#### [Data segment]
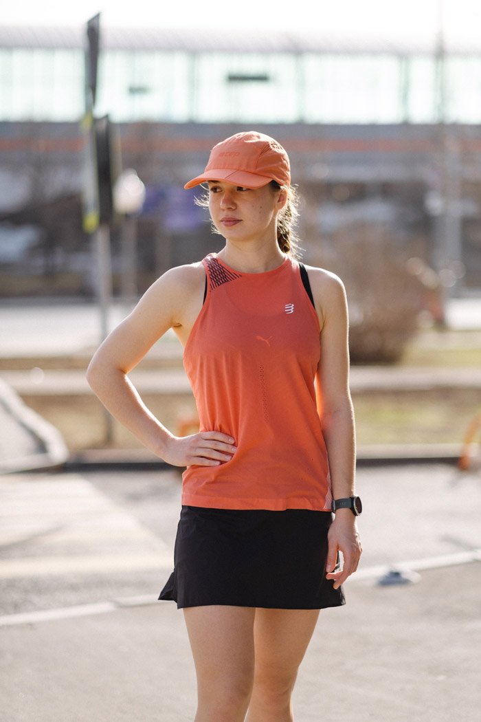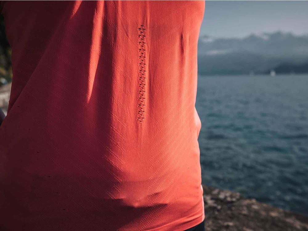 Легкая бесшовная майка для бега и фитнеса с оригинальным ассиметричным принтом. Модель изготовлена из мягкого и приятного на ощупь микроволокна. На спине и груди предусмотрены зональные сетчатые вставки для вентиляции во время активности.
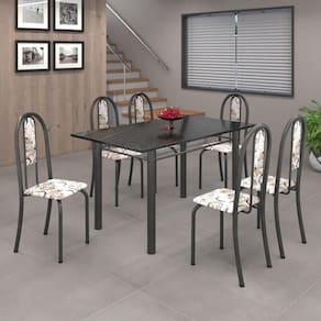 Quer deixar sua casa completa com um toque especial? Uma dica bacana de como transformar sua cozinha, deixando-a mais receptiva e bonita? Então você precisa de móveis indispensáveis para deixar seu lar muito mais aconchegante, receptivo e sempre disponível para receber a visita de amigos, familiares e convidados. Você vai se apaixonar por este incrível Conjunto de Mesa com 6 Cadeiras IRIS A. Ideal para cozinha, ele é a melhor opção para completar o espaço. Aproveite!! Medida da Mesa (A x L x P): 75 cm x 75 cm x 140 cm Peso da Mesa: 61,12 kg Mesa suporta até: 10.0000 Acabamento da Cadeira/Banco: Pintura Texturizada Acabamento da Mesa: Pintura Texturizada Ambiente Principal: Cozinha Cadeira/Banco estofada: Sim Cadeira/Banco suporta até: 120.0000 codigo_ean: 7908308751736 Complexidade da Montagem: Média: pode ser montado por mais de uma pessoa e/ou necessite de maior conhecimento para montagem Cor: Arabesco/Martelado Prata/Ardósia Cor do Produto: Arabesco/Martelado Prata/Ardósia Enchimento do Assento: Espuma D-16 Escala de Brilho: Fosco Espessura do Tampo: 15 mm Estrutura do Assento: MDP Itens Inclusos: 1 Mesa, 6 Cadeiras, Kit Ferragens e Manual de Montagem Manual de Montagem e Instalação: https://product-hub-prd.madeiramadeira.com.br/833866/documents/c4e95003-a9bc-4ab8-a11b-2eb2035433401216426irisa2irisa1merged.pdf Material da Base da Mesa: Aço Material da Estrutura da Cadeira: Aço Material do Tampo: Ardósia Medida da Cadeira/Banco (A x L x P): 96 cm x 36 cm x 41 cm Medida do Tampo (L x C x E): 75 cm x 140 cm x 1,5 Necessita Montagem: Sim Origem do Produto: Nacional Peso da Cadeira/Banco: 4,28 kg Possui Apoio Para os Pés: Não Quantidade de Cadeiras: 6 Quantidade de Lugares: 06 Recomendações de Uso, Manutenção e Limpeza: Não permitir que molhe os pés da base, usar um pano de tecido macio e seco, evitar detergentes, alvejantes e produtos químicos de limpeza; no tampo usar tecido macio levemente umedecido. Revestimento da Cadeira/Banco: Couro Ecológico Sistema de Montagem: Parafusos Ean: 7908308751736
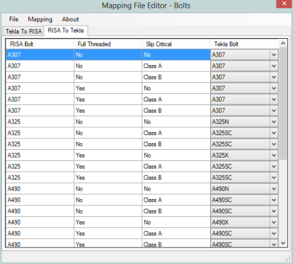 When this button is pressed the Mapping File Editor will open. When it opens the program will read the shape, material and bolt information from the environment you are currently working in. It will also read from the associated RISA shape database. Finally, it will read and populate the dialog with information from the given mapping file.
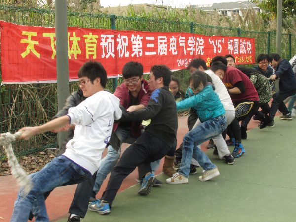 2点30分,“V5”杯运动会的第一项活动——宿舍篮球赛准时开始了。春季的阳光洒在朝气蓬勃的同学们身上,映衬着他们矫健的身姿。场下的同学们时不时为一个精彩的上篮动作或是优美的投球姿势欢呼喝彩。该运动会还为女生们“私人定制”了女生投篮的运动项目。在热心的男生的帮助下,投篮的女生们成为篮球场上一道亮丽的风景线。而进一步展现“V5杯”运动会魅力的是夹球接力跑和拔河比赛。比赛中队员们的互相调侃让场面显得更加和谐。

#### [Exercise requirements]
Would you repeat the listing above exactly, minus the images?

#### [Solution to this exercise]
 Легкая бесшовная майка для бега и фитнеса с оригинальным ассиметричным принтом. Модель изготовлена из мягкого и приятного на ощупь микроволокна. На спине и груди предусмотрены зональные сетчатые вставки для вентиляции во время активности.
 Quer deixar sua casa completa com um toque especial? Uma dica bacana de como transformar sua cozinha, deixando-a mais receptiva e bonita? Então você precisa de móveis indispensáveis para deixar seu lar muito mais aconchegante, receptivo e sempre disponível para receber a visita de amigos, familiares e convidados. Você vai se apaixonar por este incrível Conjunto de Mesa com 6 Cadeiras IRIS A. Ideal para cozinha, ele é a melhor opção para completar o espaço. Aproveite!! Medida da Mesa (A x L x P): 75 cm x 75 cm x 140 cm Peso da Mesa: 61,12 kg Mesa suporta até: 10.0000 Acabamento da Cadeira/Banco: Pintura Texturizada Acabamento da Mesa: Pintura Texturizada Ambiente Principal: Cozinha Cadeira/Banco estofada: Sim Cadeira/Banco suporta até: 120.0000 codigo_ean: 7908308751736 Complexidade da Montagem: Média: pode ser montado por mais de uma pessoa e/ou necessite de maior conhecimento para montagem Cor: Arabesco/Martelado Prata/Ardósia Cor do Produto: Arabesco/Martelado Prata/Ardósia Enchimento do Assento: Espuma D-16 Escala de Brilho: Fosco Espessura do Tampo: 15 mm Estrutura do Assento: MDP Itens Inclusos: 1 Mesa, 6 Cadeiras, Kit Ferragens e Manual de Montagem Manual de Montagem e Instalação: https://product-hub-prd.madeiramadeira.com.br/833866/documents/c4e95003-a9bc-4ab8-a11b-2eb2035433401216426irisa2irisa1merged.pdf Material da Base da Mesa: Aço Material da Estrutura da Cadeira: Aço Material do Tampo: Ardósia Medida da Cadeira/Banco (A x L x P): 96 cm x 36 cm x 41 cm Medida do Tampo (L x C x E): 75 cm x 140 cm x 1,5 Necessita Montagem: Sim Origem do Produto: Nacional Peso da Cadeira/Banco: 4,28 kg Possui Apoio Para os Pés: Não Quantidade de Cadeiras: 6 Quantidade de Lugares: 06 Recomendações de Uso, Manutenção e Limpeza: Não permitir que molhe os pés da base, usar um pano de tecido macio e seco, evitar detergentes, alvejantes e produtos químicos de limpeza; no tampo usar tecido macio levemente umedecido. Revestimento da Cadeira/Banco: Couro Ecológico Sistema de Montagem: Parafusos Ean: 7908308751736
 When this button is pressed the Mapping File Editor will open. When it opens the program will read the shape, material and bolt information from the environment you are currently working in. It will also read from the associated RISA shape database. Finally, it will read and populate the dialog with information from the given mapping file.
 2点30分,“V5”杯运动会的第一项活动——宿舍篮球赛准时开始了。春季的阳光洒在朝气蓬勃的同学们身上,映衬着他们矫健的身姿。场下的同学们时不时为一个精彩的上篮动作或是优美的投球姿势欢呼喝彩。该运动会还为女生们“私人定制”了女生投篮的运动项目。在热心的男生的帮助下,投篮的女生们成为篮球场上一道亮丽的风景线。而进一步展现“V5杯”运动会魅力的是夹球接力跑和拔河比赛。比赛中队员们的互相调侃让场面显得更加和谐。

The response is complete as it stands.